Standing up to greed and oppression

“The idea of social realist art and of journalism was that: ‘We’re going to tell people not what things are like, but what they should be like, and what they will be like, and we’ll get them to keep focusing on the future.’ “

Anne Applebaum, Pulitzer Prize winner and author of The Iron Curtain, speaking last night on NPR’s “Fresh Air”. Applebaum was speaking of Poland from 1945 and 1956 – it seems apt for our country, today.

This past September, Walter Russell Mead described our mainstream press thus: 

If the president were a conservative Republican rather than a liberal Democrat, I have little doubt that much of the legacy press would be focused more on what is wrong with America. There would be more negative reporting about the economy, more criticism of policy failures and many more withering comparisons between promise and performance. The contrast between a rising stock market and poor jobs performance that the press now doesn’t think of blaming on President Obama would be reported as demonstrating a systemic bias in favor of the rich and the powerful if George W. Bush were in the White House. The catastrophic decline in African-American net worth during the last four years would, if we had a Republican president, be presented in the press as illustrating the racial indifference or even the racism of the administration. As it is, it is just an unfortunate reality, not worth much publicity and telling us nothing about the intentions or competence of the people in charge.

The current state of the Middle East would be reported as illustrating the complete collapse of American foreign policy—if Bush were in the White House. The criticism of drone strikes and Guantanamo that is now mostly confined to the far left would be mainstream conventional wisdom, and the current unrest in the Middle East would be depicted as a response to American militarism.

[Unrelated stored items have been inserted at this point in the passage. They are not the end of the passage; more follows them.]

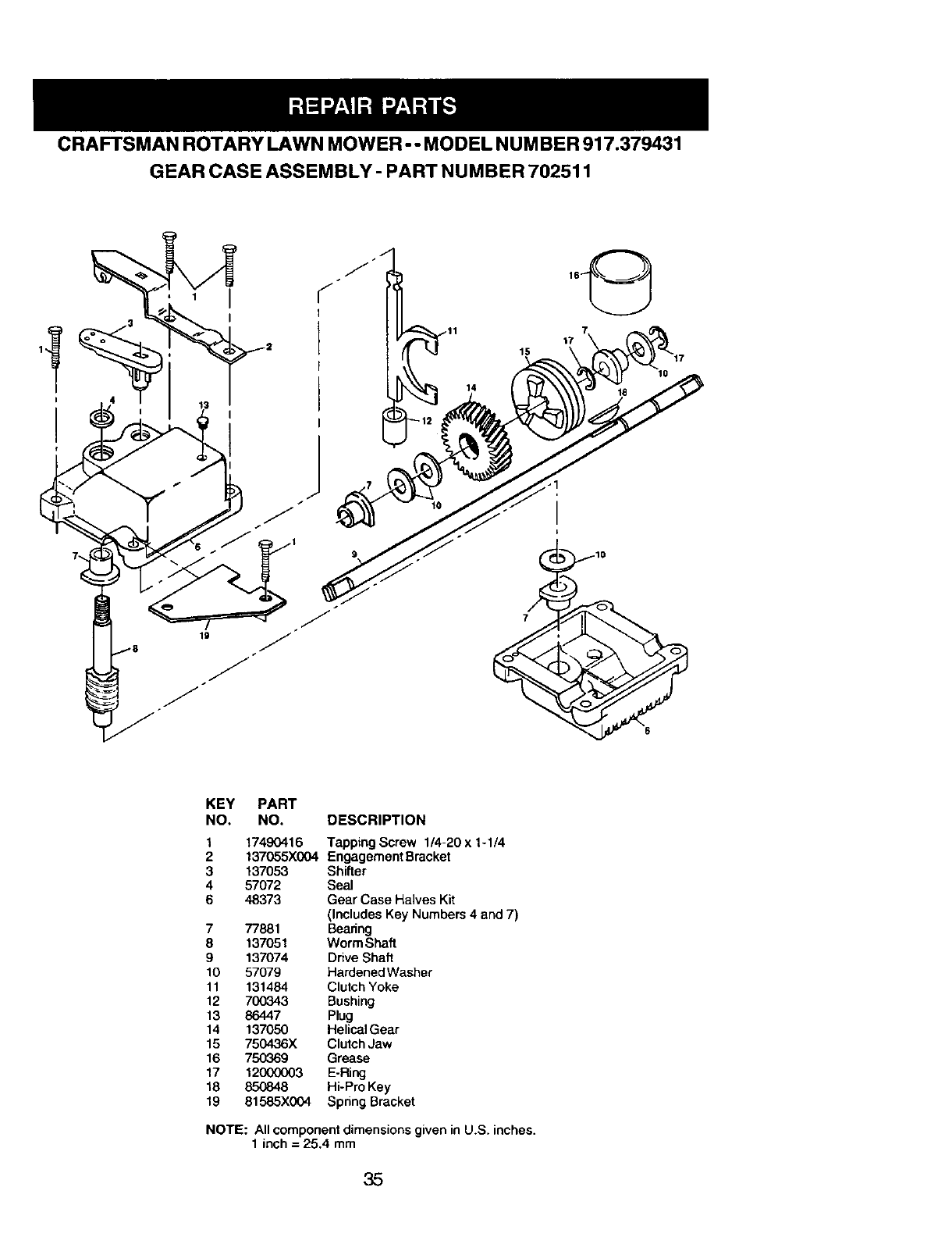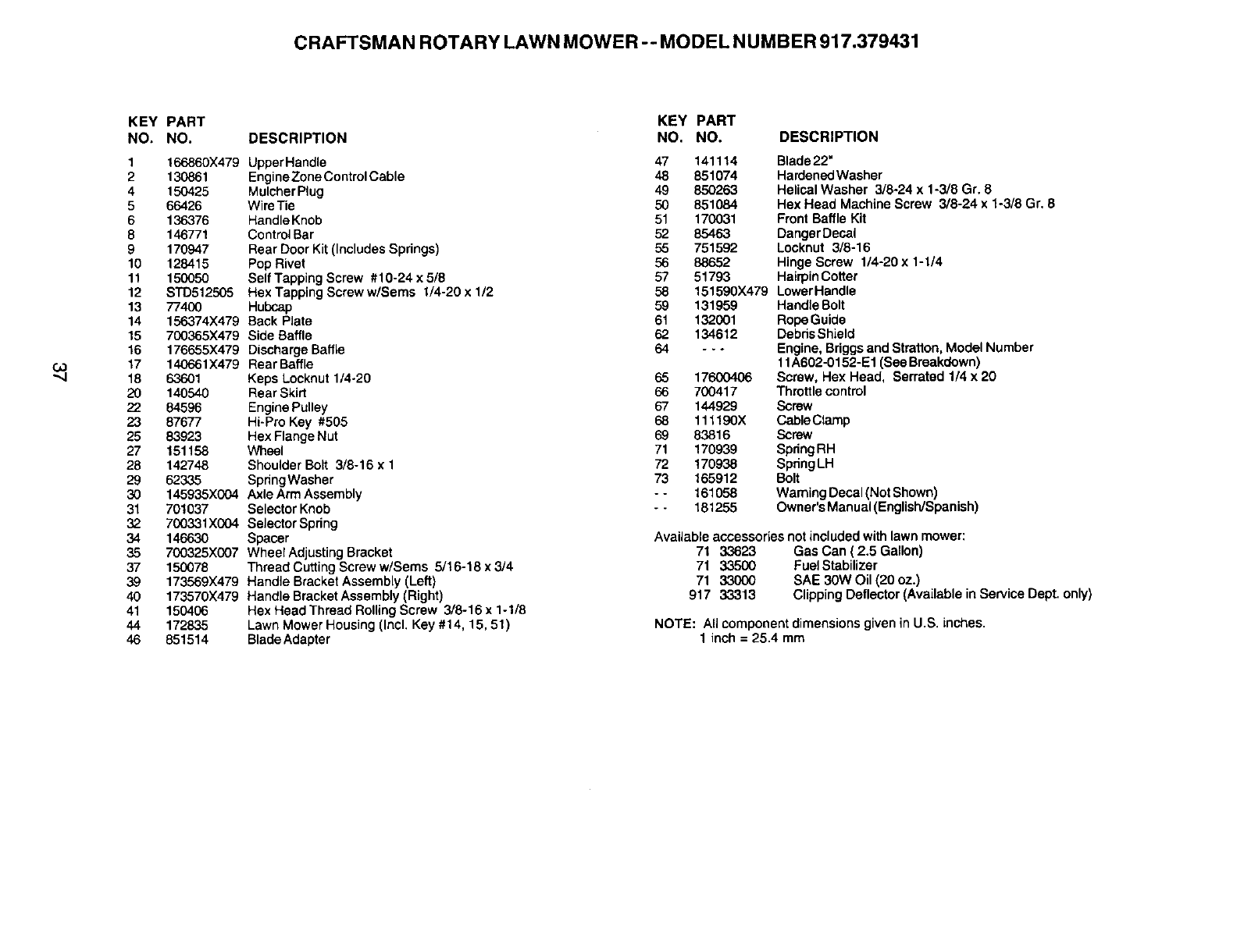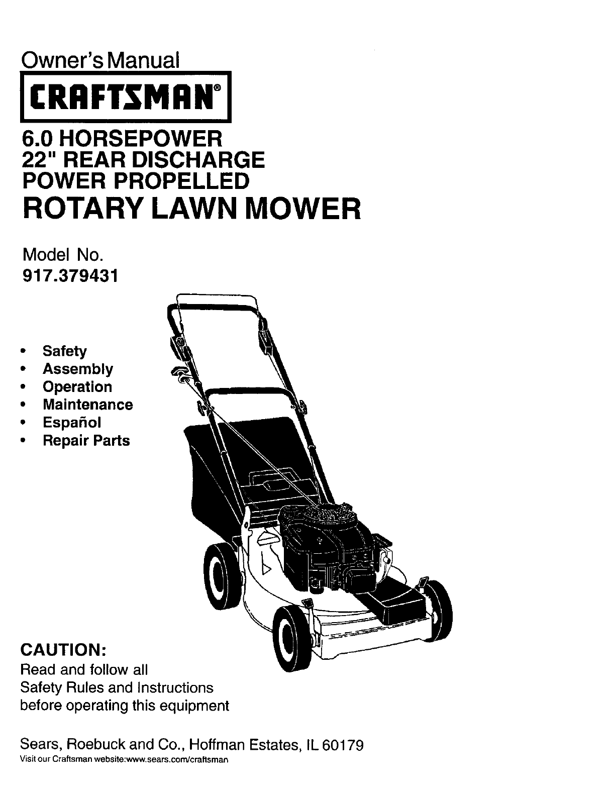 User Manual: Craftsman 917379431 917379431 CRAFTSMAN LAWN MOWER - Manuals and Guides View the owners manual for your CRAFTSMAN LAWN MOWER #917379431. Home:Lawn & Garden Parts:Craftsman Parts:Craftsman LAWN MOWER Manual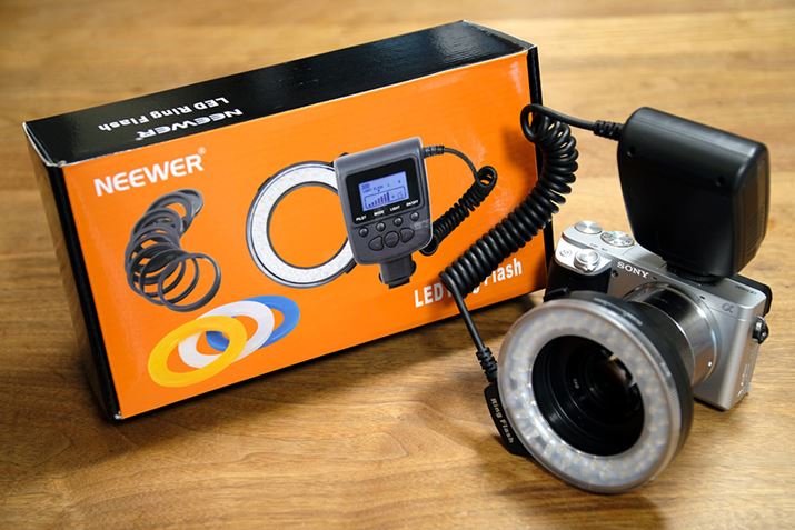 後編で使用する製品1つ目は、一眼レンズカメラ用の接写専用ストロボLED。今回使用したのはNEEWER社のLED48球タイプのものになります。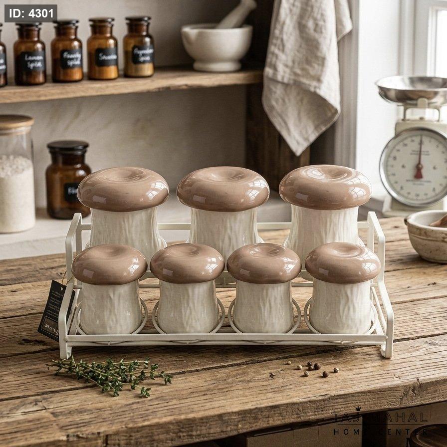 أناقة وترتيب في قطعة واحدة! طقم توابل بتصميم الفطر العصري، يجمع بين الجمالية العالية والجودة المتينة لتزيين مطبخك وطاولة طعامك.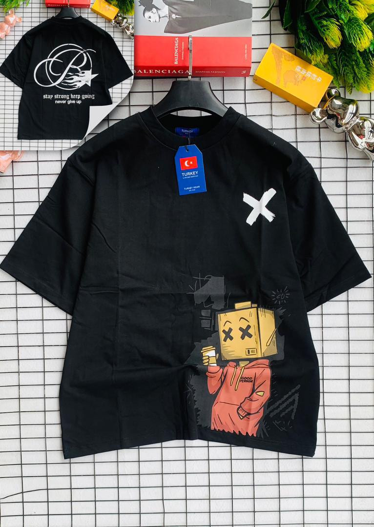 Stay positive & stand out with this ? beige oversized cartoon tee! Soft tan cotton with bold black box-head character print holding coffee + "GOOD PERSON" text, plus motivational back slogan – playful streetwear energy for Lagos vibes.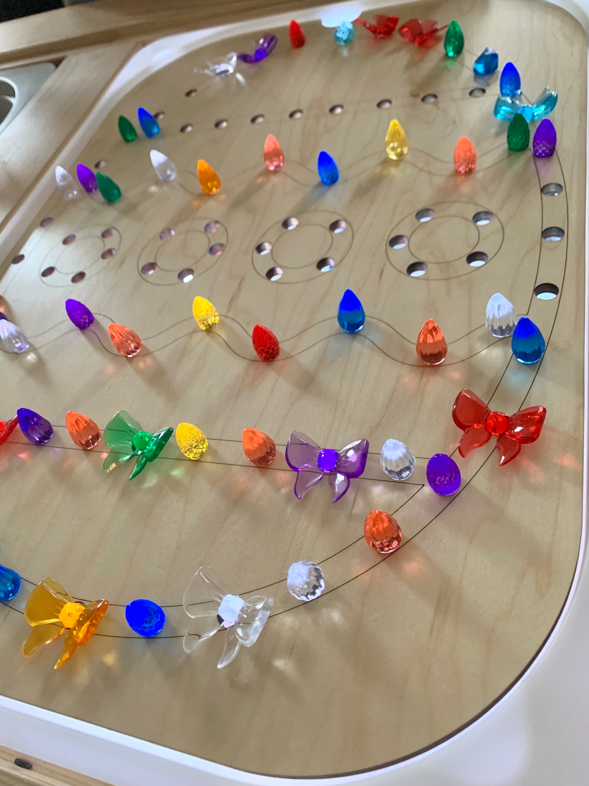 AWandCo is my go-to shop for these types of items. I feel like I am always asking for custom changes, which have always been accomodated. This tray is beautiful, sturdy and my little one loves it to trace and bring with us where ever we go. I also purchased the traceable name acyrlic insert and it has peaked my daughter’s interest in learning her name.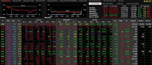 Chốt phiên, VN-Index giảm 8,01 điểm (0,86%) còn 919,24 điểm. Một loạt các mã cổ phiếu lớn giảm giá như: VNM, VCB, SAB, MBB, DXG, BVH, BID, CTG… Trong khi đó, VIC, VHM, VPB đứng giá tham chiếu.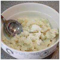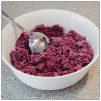 山药也一样处理,去皮,压成泥状,再根据自己的口感放一些糖粉。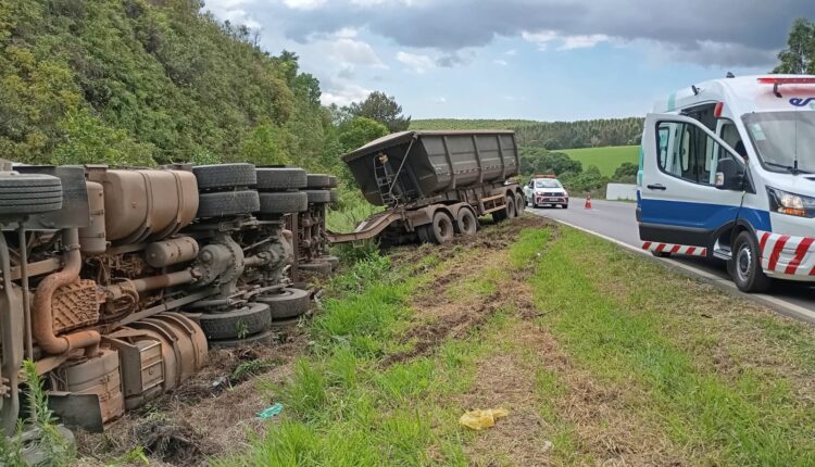 De acordo com o relato policial, o acidente ocorreu quando um caminhão Volvo FH 540, conduzido por L. C. C., de 54 anos, perdeu o controle e tombou parcialmente fora da pista após ser “fechado” por outro caminhão, um DAF com semirreboque, dirigido por J. A., de 37 anos. Nenhum dos motoristas sofreu ferimentos.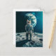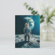 A tabby cat stands proudly on the moon wearing a white suit with gray accents. Behind it, Earth glows against a starry sky, creating a bold lunar portrait.

The in and out surge in Afghanistan would be mercilessly exposed as a strategic flop, reflecting the naive incompetence of an inexperienced president out of his depth….The White House fumbling around the Benghazi murders would be treated like a major scandal and dominate the news for at least a couple of weeks.

If Bush were in the White House, the Middle East would be a horrible disaster, and it would all be America’s fault.

The communist governments of the Soviet Union and its empire collapsed and dissolved when the dichotomy between what was promised and what was grew too large to be sustained. Or, as a liberal commenter on this blog put it, “the Soviet Union happened to fail.”  That reader is obviously the product of modern education and immersion in a culture saturated and shaped by the media, a culture that vilifies the right and can provide no insight into events that occur as the result of policies they detest and failed principles they cherish.

The collapse of communism was hastened by Reagan, but his ever-increasing pressure on the soviets was described, routinely, as naive at best and more commonly, “war mongering”. Similarly, conservatives who said economies based on collectivism could not survive were ignored, until the Berlin Wall was torn down – “fell”, in media-speak – and the evil empire was destroyed – or, excuse me, “self-destructed for unknown reasons.”

Convenient lies and omissions, masquerading as truth. The communists may have invented propaganda, but our media perfected it.